* _LISTED ENTRIES_:

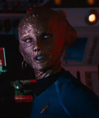 Madeline was an alien Starfleet cadet present at James T. Kirk's disciplinary hearing at Starfleet Academy in 2258. Following a distress call from Vulcan, she was transferred to the USS Enterprise where she served as a science officer on the bridge. (Star Trek)
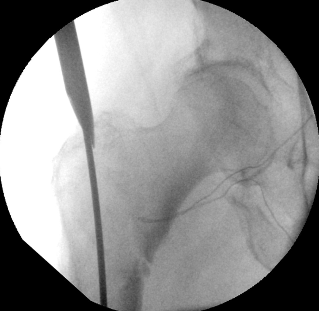 - Borra med guidewire 3,2 mm, sikta på toppen på frontalvyn, och centralt i femur i sidovyn.
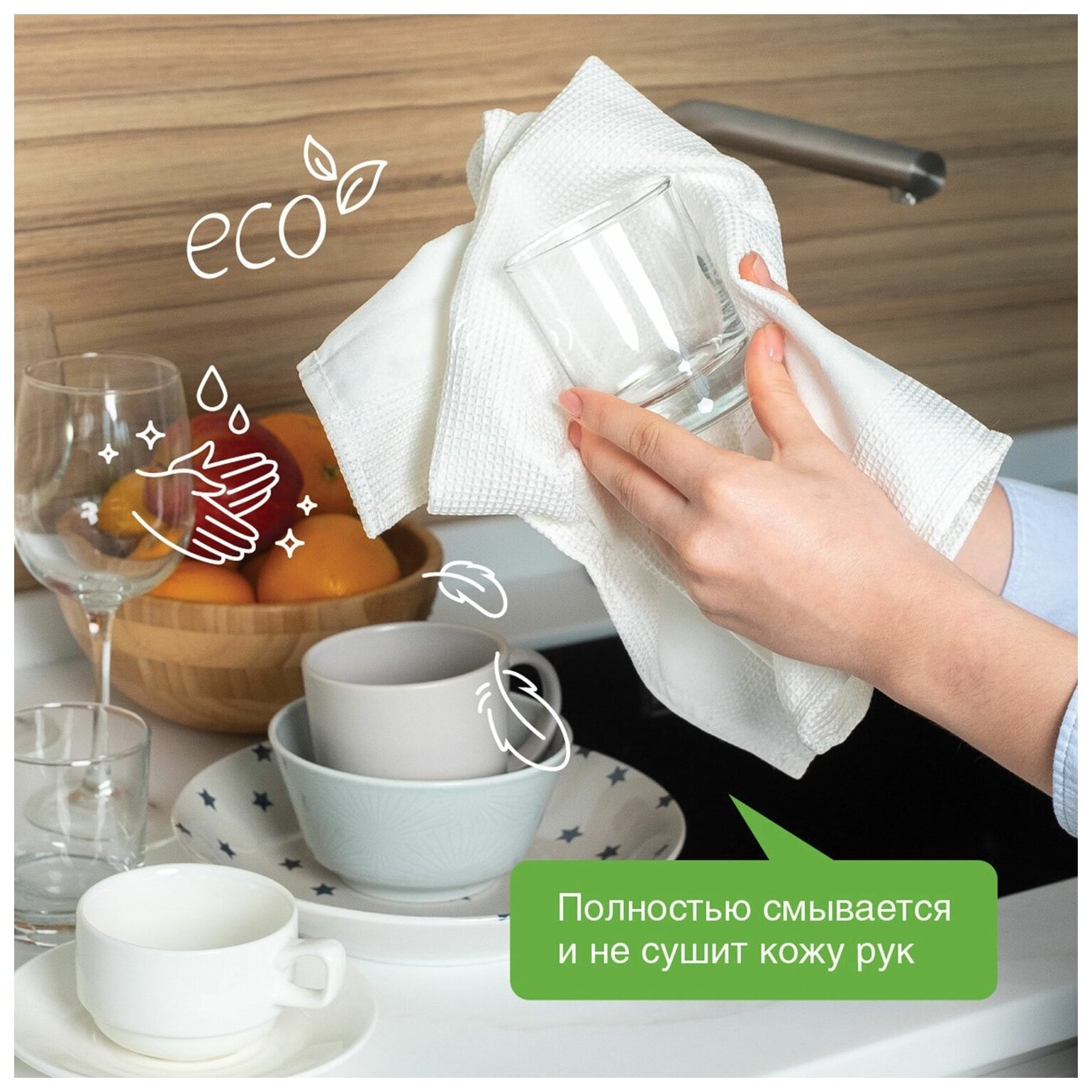 - натуральный состав - антибактериальный - подходит для мытья овощей и фруктов - смывается быстро и до конца - удобный флакон с дозатором |
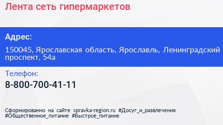 Лента, сеть гипермаркетов по адресу 150045, Ярославская область, Ярославль, Ленинградский проспект, 54а в дальнейшем Организация, размещена в следующих категориях:
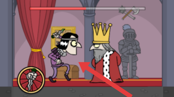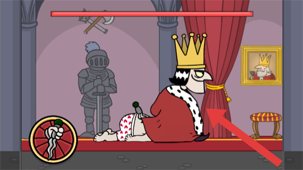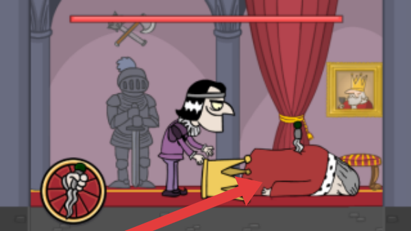 1、角色(持武器的臣民、戴皇冠的國王)、場景(宮殿內(nèi),有窗簾、鎧甲、武器等元素),屬于經(jīng)典的“刺殺國王”前的互動場景,玩家操控臣民角色嘗試通過策略行動取代國王。
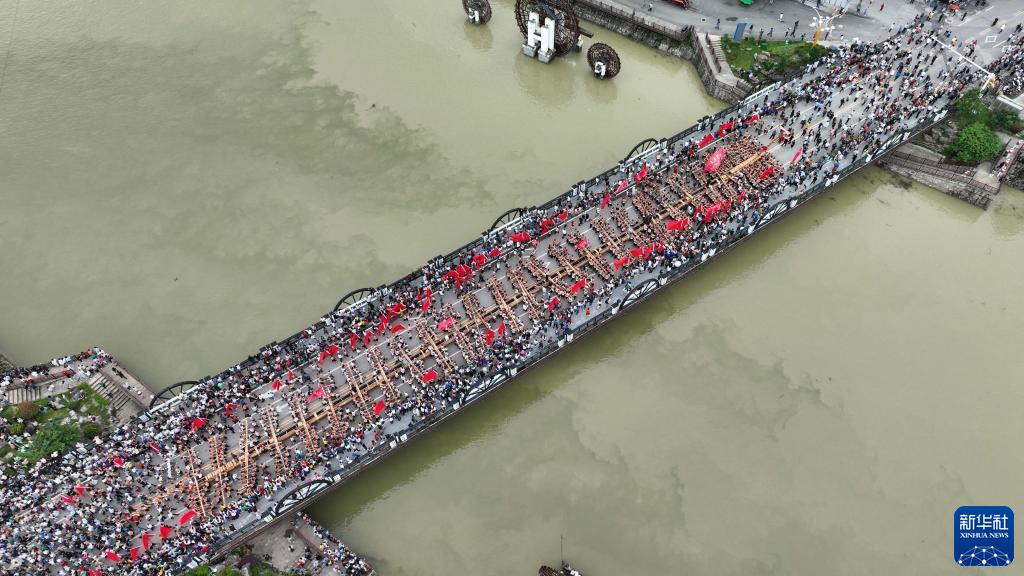 6月22日,在贵州省黔东南苗族侗族自治州施秉县举行的独木龙舟节上,人们参与独木龙舟巡游活动(无人机照片)。
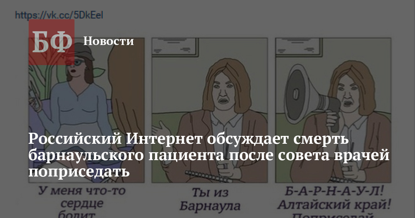 Центральный районный суд Барнаула обязал Станцию скорой медицинской помощи выплатить местной жительнице компенсацию в 300 тысяч рублей после гибели ее мужа вскоре после отъезда врача. Медики заставили пациента, жаловавшегося на боль в сердце, приседать, говорится в сообщении правозащитной организации «Зона права». Этот случай вызвал резонанс в российском Интернете и бурные обсуждения в крупнейших новостных сообществах в соцсетях.
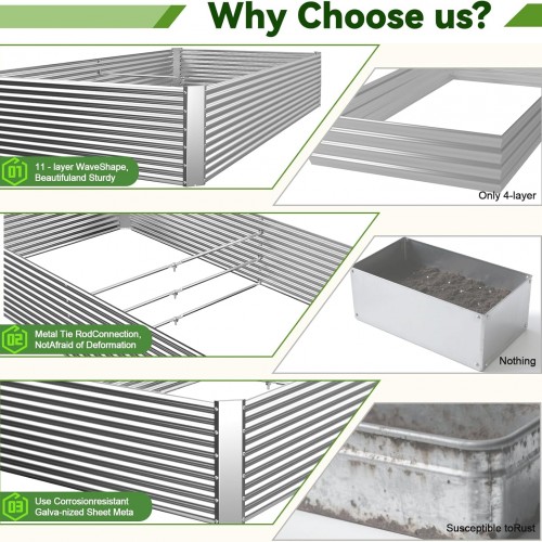 2 Pack 8x4FT Tall Galvanized Raised Garden Bed Outdoor,Metal Garden Bed for Vegetables,Steel Raised Beds for Gardening,Above Ground Garden Box for Flower
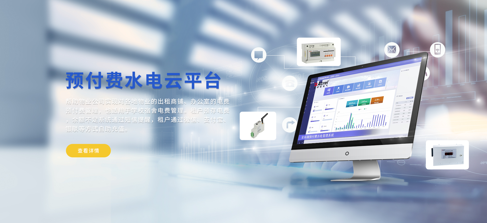 安科瑞提供的解決方案包括Acrel-EIoT能源物聯(lián)網(wǎng)云平臺(tái)、變電所運(yùn)維云平臺(tái)、安全用電管理云平臺(tái)、環(huán)保用電監(jiān)管云平臺(tái)、智慧消防云平臺(tái)、能源管理云平臺(tái)、工業(yè)企業(yè)能源管控平臺(tái)、遠(yuǎn)程預(yù)付費(fèi)云平臺(tái)、餐飲油煙監(jiān)管云平臺(tái)、電動(dòng)汽車/電瓶車充電樁收費(fèi)管理云平臺(tái)、電力監(jiān)控/無(wú)線測(cè)溫系統(tǒng)、電能質(zhì)量治理系統(tǒng)、電氣火災(zāi)監(jiān)控系統(tǒng)、消防設(shè)備電源監(jiān)控系統(tǒng)、防火門(mén)監(jiān)控系統(tǒng)、應(yīng)急照明和疏散指示系統(tǒng)、智能照明控制系統(tǒng)、醫(yī)用隔離電源絕緣監(jiān)測(cè)系統(tǒng)等,幫助用戶實(shí)現(xiàn)能源智能化、可視化、精細(xì)化管理,提高用能效率和用能安全,為企業(yè)節(jié)能降耗和實(shí)現(xiàn)能源數(shù)字化建設(shè)提供數(shù)據(jù)服務(wù)。
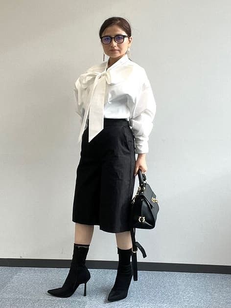キレイめなハーフパンツとあわせ、大きめリボンの甘さとかっこよさをMIXした甘ニッシュスタイル。ハーフパンツが、大人な余裕を感じるSTORY 世代のこなれたオフィススタイルに。靴下を合わせるのもモードな雰囲気になりオススメです。こちらのリボンブラウスは、トレンドのショート丈とボリュームのある袖口がエレガントすぎない旬なキレイめスタイルを叶えます。タイはリボンにしたり、垂らしたりと雰囲気を変えるのも◎。
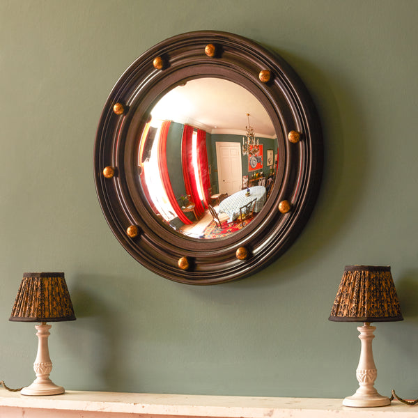 Our Lauren mirror is pretty punchy with its ten golden baubles around the frame. We love it! It's a bit different, a slightly modern take on a classic.
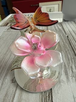 Glass Hand-Crafted Figurine Of Butterfly On Pink Rose with Mirror Base$12Las Vegas, NV
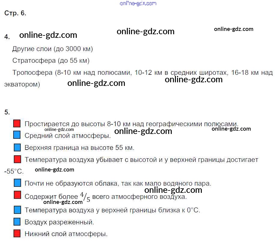 Готовые домашние задания по Географии за 6 класс Рабочая тетрадь Дронов, Савельева Вертикаль 2016 - Атмосфера (страницы тетради) 6
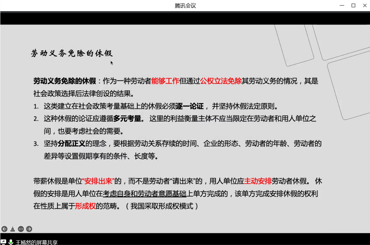 王嫣然同学对《德国劳动法》第14章“法定的劳动免除”进行了报告。在对该章内容整体梳理基础上,她从劳动义务免除的休假等角度出发阐释了其观点。沈建峰老师在同学汇报基础上进行了补充扩展。沈建峰老师提出劳动者各种假期的法律性质是不同的,事假、病假等属于劳动合同的履行障碍,而带薪休假则属于劳动合同义务的免除。
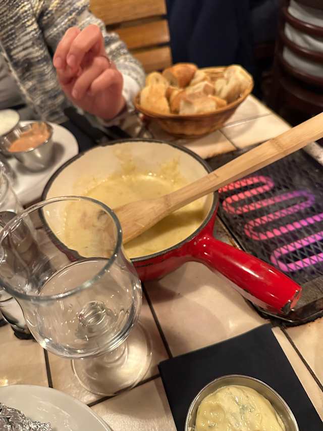 6/10location is fine in a nice neighborhood. the cheese fondue does not taste "normal", too "thick", felt like something was added to it. here comes the real problem: the charcuterie (porc stuff) plate is really Bad quality for around 20 euros. the potatoe was not pleasant, my son did not want to finish it. Room for improvement to say the least
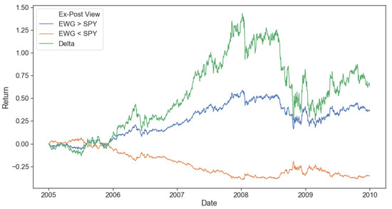 The impact of an incorrect confidence forecast can be a significant drag on performance in the very competitive world of asset management. For example, in Figure 3, we track two opposite views considered ex-post: (long EWG, short SPY) versus (short EWG, long SPY). The delta between these two views peaks at over 125% at the end of 2007. This implies that there would have been a 1.25% performance gap between views for every 1% of portfolio allocation. To make matters more interesting, the winning view is counter to the generally accepted market equilibrium returns. Germany outperformed the United States by a surprising 50% over the 2005–2008 period. As always, when dealing with predictions, the problem is that not all investors would be able to correctly choose the right view all the time, never mind the right degree of confidence, without some kind of systematic process.
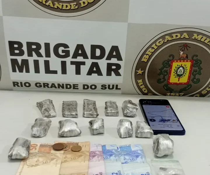 Após acompanhamento, o carro foi interceptado e abordado. No interior do veículo, foram encontrados diversos tabletes de maconha fracionados e prontos para a venda. O condutor, que utilizava tornozeleira eletrônica, já cumpria medida cautelar em razão de prisão anterior por tráfico de drogas em Novo Hamburgo.
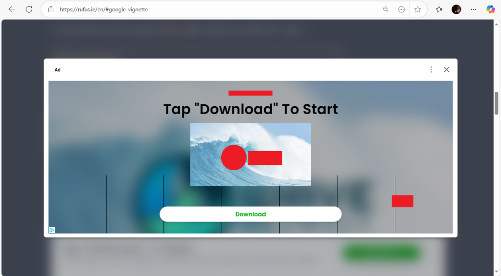 I’ve redacted the name of the product being advertised. This isn’t really about them and they may very well be legitimate advertisers. Point is, I have no idea if they’re dodgy or not. I’m here to download the Rufus app thanks very much. I’m fortunate enough to have been around long enough to recognise an ad but I wonder how someone else who might be following instructions to “Download Rufus from rufus.ie” would cope.

* _ABOUT THIS TASK_:
Transcribe the lines above exactly, beginning at the one with "Центральный районный суд" and ending at the one with "安科瑞提供的解決方案包括Ac". Include both; exclude the pictures.

* _SOLUTION TO THE EXERCISE_:
 Центральный районный суд Барнаула обязал Станцию скорой медицинской помощи выплатить местной жительнице компенсацию в 300 тысяч рублей после гибели ее мужа вскоре после отъезда врача. Медики заставили пациента, жаловавшегося на боль в сердце, приседать, говорится в сообщении правозащитной организации «Зона права». Этот случай вызвал резонанс в российском Интернете и бурные обсуждения в крупнейших новостных сообществах в соцсетях.
 2 Pack 8x4FT Tall Galvanized Raised Garden Bed Outdoor,Metal Garden Bed for Vegetables,Steel Raised Beds for Gardening,Above Ground Garden Box for Flower
 安科瑞提供的解決方案包括Acrel-EIoT能源物聯(lián)網(wǎng)云平臺(tái)、變電所運(yùn)維云平臺(tái)、安全用電管理云平臺(tái)、環(huán)保用電監(jiān)管云平臺(tái)、智慧消防云平臺(tái)、能源管理云平臺(tái)、工業(yè)企業(yè)能源管控平臺(tái)、遠(yuǎn)程預(yù)付費(fèi)云平臺(tái)、餐飲油煙監(jiān)管云平臺(tái)、電動(dòng)汽車/電瓶車充電樁收費(fèi)管理云平臺(tái)、電力監(jiān)控/無(wú)線測(cè)溫系統(tǒng)、電能質(zhì)量治理系統(tǒng)、電氣火災(zāi)監(jiān)控系統(tǒng)、消防設(shè)備電源監(jiān)控系統(tǒng)、防火門(mén)監(jiān)控系統(tǒng)、應(yīng)急照明和疏散指示系統(tǒng)、智能照明控制系統(tǒng)、醫(yī)用隔離電源絕緣監(jiān)測(cè)系統(tǒng)等,幫助用戶實(shí)現(xiàn)能源智能化、可視化、精細(xì)化管理,提高用能效率和用能安全,為企業(yè)節(jié)能降耗和實(shí)現(xiàn)能源數(shù)字化建設(shè)提供數(shù)據(jù)服務(wù)。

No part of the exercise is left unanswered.